| > Often I would like to mirror a site, but only from a
> particular line of code to another particular line of
> code. For example, there might be a news source I would
> like to copy daily to read off-line, but only the actual
> news - not the headers and footers and advertisements and
> sidebars, etc. Site Scooper [1] seems to be capable of
> this - could this feature be added to HTTrack?
Err, automatically, not really. You can create a project,
and capture only what you need, using filters (scan
rules) ; but there is not yet any "automatic scheduled"
download.
This could be done, however, with a commandline .bat, and
the windows scheduler:
- first create your project (example: "FooBar Daily News")

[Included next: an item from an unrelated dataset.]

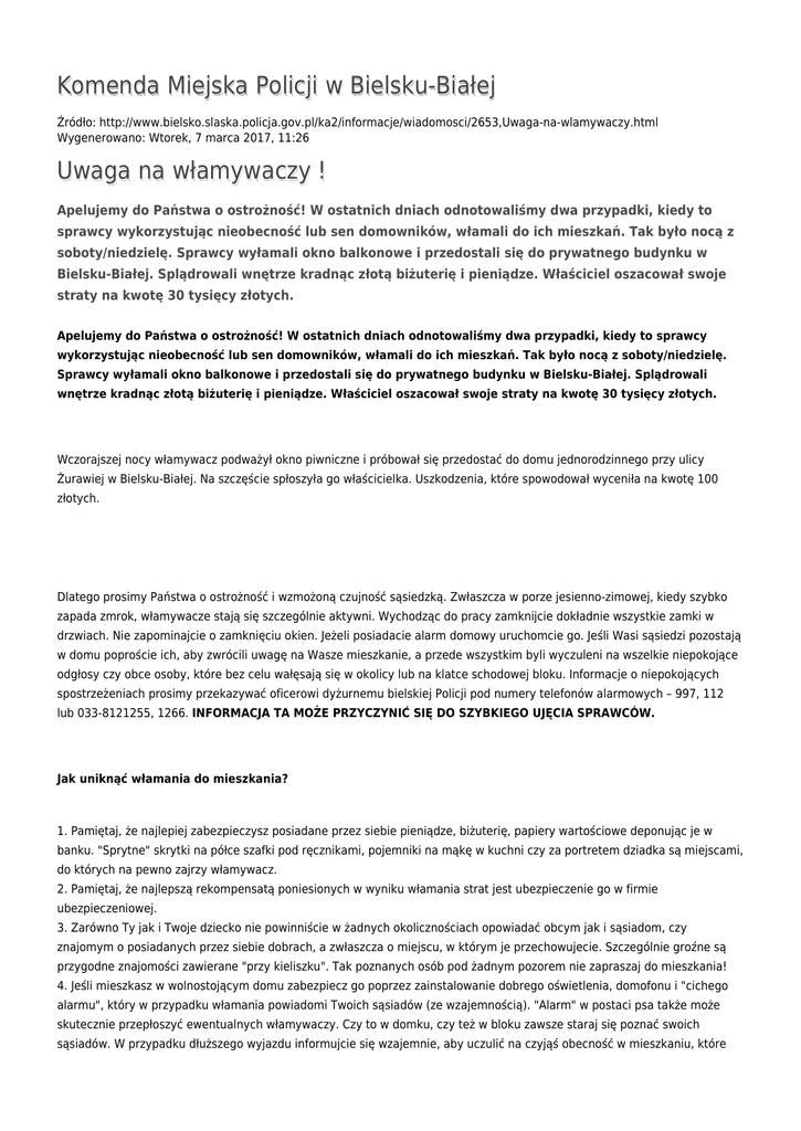 Komenda Miejska Policji w Bielsku-Białej Źródło: http://www.bielsko.slaska.policja.gov.pl/ka2/informacje/wiadomosci/2653,Uwaga-na-wlamywaczy.html Wygenerowano: Wtorek, 7 marca 2017, 11:26 Uwaga na włamywaczy ! Apelujemy do Państwa o ostrożność! W ostatnich dniach odnotowaliśmy dwa przypadki, kiedy to sprawcy wykorzystując nieobecność lub sen domowników, włamali do ich mieszkań. Tak było nocą z soboty/niedzielę. Sprawcy wyłamali okno balkonowe i przedostali się do prywatnego budynku w Bielsku-Białej. Splądrowali wnętrze kradnąc złotą biżuterię i pieniądze. Właściciel oszacował swoje straty na kwotę 30 tysięcy złotych. Apelujemy do Państwa o ostrożność! W ostatnich dniach odnotowaliśmy dwa przypadki, kiedy to sprawcy wykorzystując nieobecność lub sen domowników, włamali do ich mieszkań. Tak było nocą z soboty/niedzielę. Sprawcy wyłamali okno balkonowe i przedostali się do prywatnego budynku w Bielsku-Białej. Splądrowali wnętrze kradnąc złotą biżuterię i pieniądze. Właściciel oszacował swoje straty na kwotę 30 tysięcy złotych. Wczorajszej nocy włamywacz podważył okno piwniczne i próbował się przedostać do domu jednorodzinnego przy ulicy Żurawiej w Bielsku-Białej. Na szczęście spłoszyła go właścicielka. Uszkodzenia, które spowodował wyceniła na kwotę 100 złotych. Dlatego prosimy Państwa o ostrożność i wzmożoną czujność sąsiedzką. Zwłaszcza w porze jesienno-zimowej, kiedy szybko zapada zmrok, włamywacze stają się szczególnie aktywni. Wychodząc do pracy zamknijcie dokładnie wszystkie zamki w drzwiach. Nie zapominajcie o zamknięciu okien. Jeżeli posiadacie alarm domowy uruchomcie go. Jeśli Wasi sąsiedzi pozostają w domu poproście ich, aby zwrócili uwagę na Wasze mieszkanie, a przede wszystkim byli wyczuleni na wszelkie niepokojące odgłosy czy obce osoby, które bez celu wałęsają się w okolicy lub na klatce schodowej bloku. Informacje o niepokojących spostrzeżeniach prosimy przekazywać oficerowi dyżurnemu bielskiej Policji pod numery telefonów alarmowych – 997, 112 lub 033-8121255, 1266. INFORMACJA TA MOŻE PRZYCZYNIĆ SIĘ DO SZYBKIEGO UJĘCIA SPRAWCÓW. Jak uniknąć włamania do mieszkania? 1. Pamiętaj, że najlepiej zabezpieczysz posiadane przez siebie pieniądze, biżuterię, papiery wartościowe deponując je w banku. "Sprytne" skrytki na półce szafki pod ręcznikami, pojemniki na mąkę w kuchni czy za portretem dziadka są miejscami, do których na pewno zajrzy włamywacz. 2. Pamiętaj, że najlepszą rekompensatą poniesionych w wyniku włamania strat jest ubezpieczenie go w firmie ubezpieczeniowej. 3. Zarówno Ty jak i Twoje dziecko nie powinniście w żadnych okolicznościach opowiadać obcym jak i sąsiadom, czy znajomym o posiadanych przez siebie dobrach, a zwłaszcza o miejscu, w którym je przechowujecie. Szczególnie groźne są przygodne znajomości zawierane "przy kieliszku". Tak poznanych osób pod żadnym pozorem nie zapraszaj do mieszkania! 4. Jeśli mieszkasz w wolnostojącym domu zabezpiecz go poprzez zainstalowanie dobrego oświetlenia, domofonu i "cichego alarmu", który w przypadku włamania powiadomi Twoich sąsiadów (ze wzajemnością). "Alarm" w postaci psa także może skutecznie przepłoszyć ewentualnych włamywaczy. Czy to w domku, czy też w bloku zawsze staraj się poznać swoich sąsiadów. W przypadku dłuższego wyjazdu informujcie się wzajemnie, aby uczulić na czyjąś obecność w mieszkaniu, które powinno być puste. Poproś, aby sąsiedzi regularnie opróżniali skrzynkę na listy. 5. Spisz numery posiadanego sprzętu elektronicznego oraz znaki szczególne, jakie on posiada. Nanieś w dyskretnych miejscach sprzętu, tylko sobie wiadome oznakowanie. Dzięki temu łatwiej udowodnisz, że skradzione przedmioty stanowią Twoją własność. Sugerujemy sfotografowanie następujących rzeczy: - kolekcja znaczków pocztowych, - kolekcja monet, - antyki i biżuteria 6. Niech każda obca i dziwnie zachowująca się osoba (wyczekiwanie na klatce schodowej, kręcenie się bez celu przy drzwiach mieszkań) wzbudzi Twoją czujność. Postaraj się zapamiętać ich wygląd zewnętrzny oraz charakterystyczne szczegóły wyglądu i ubrania, które później pomogą Policji w zidentyfikowaniu danej osoby. 7. Nie wpuszczaj do domu obcych osób, które chcą sprzedać lub zareklamować Ci jakiś towar. Jeśli się na to zdecydujesz sprawdź ich dokumenty i tożsamość. Pamiętaj! Taka z pozoru "niewinna" wizyta może być rozpoznaniem terenu przyszłego działania. 8. Pamiętaj! Typowe drzwi wraz z wkładkami patentowymi, podklamkowymi instalowane w blokach mieszkalnych, nie stanowią żadnej przeszkody dla włamywacza. Tylko atestowane zamki i drzwi mogą stworzyć przeszkodę i wydłużyć czas potrzebny na ich pokonanie, co może zaalarmować sąsiada i narazić włamywacza na zatrzymanie. Na rynku jest obecnie w sprzedaży ponad 150 różnego rodzaju zamków, jednakże tylko niewielka ich ilość posiada "Świadectwo Badań Kwalifikacyjnych", który to dokument jest wyznacznikiem ich jakości. Stosuj zamki o zróżnicowanej konstrukcji i zasadzie działania mechanizmów. Wskazanie jest zamontowanie łańcucha i wizjera. W sprzedaży są zamki połączone z akustycznym sygnałem dźwiękowym. 9. Nie zostawiaj kluczy pod wycieraczką lub w innych umówionych miejscach. Nigdy nie powierzaj kluczy osobie mało Ci znanej i zabroń tego dziecku. Drzwi nie są jedyną drogą, którą może wejść włamywacz. W oknach proponujemy wymianę zwykłych klamek na takie, które umożliwiają odblokowanie ich od wewnątrz tylko przy użyciu klucza. Okna można zabezpieczyć folią antywłamaniową uniemożliwiającą wybicie szyby, roletami okiennymi czy kratami. Przy montażu krat należy pamiętać o ich kształcie - nie może ułatwiać wejścia włamywaczowi do sąsiadów mieszkających powyżej - jak po drabinie. 10. Pamiętaj, że włamywacz zani

- then, create an update.bat file, which contains:
C:
cd "C:\My Web Sites\FooBar Daily News\"
"C:\Program Files\WinHTTrack\httrack.exe" --quiet --update
- then, using the scheduled tasks (start / prefereces), add
a new task, for example every day, selecting the update.bat
file
> Additionally, Plucker [2] has the ability to mirror a
> page 'as if' it were the referring page itself. For
> example, to view the Zippy the Pinhead comic strip at the
> San Francisco Gate newspaper Web site, you have to
convince
> their server that you are 'at' a particular URL. If you
> try and mirror it without 'being' the referring URL, you
> only get a 'this image not available' graphic instead of
> the comic strip. Check it out yourself and it will make
> more sense than my description. Anyway, would it be
> possible to add this feature to HTTrack?
Err, httrack always sends the http referer according to the
http RFC ; so it should work. But httrack does not send a
referer to the FIRST url.
| |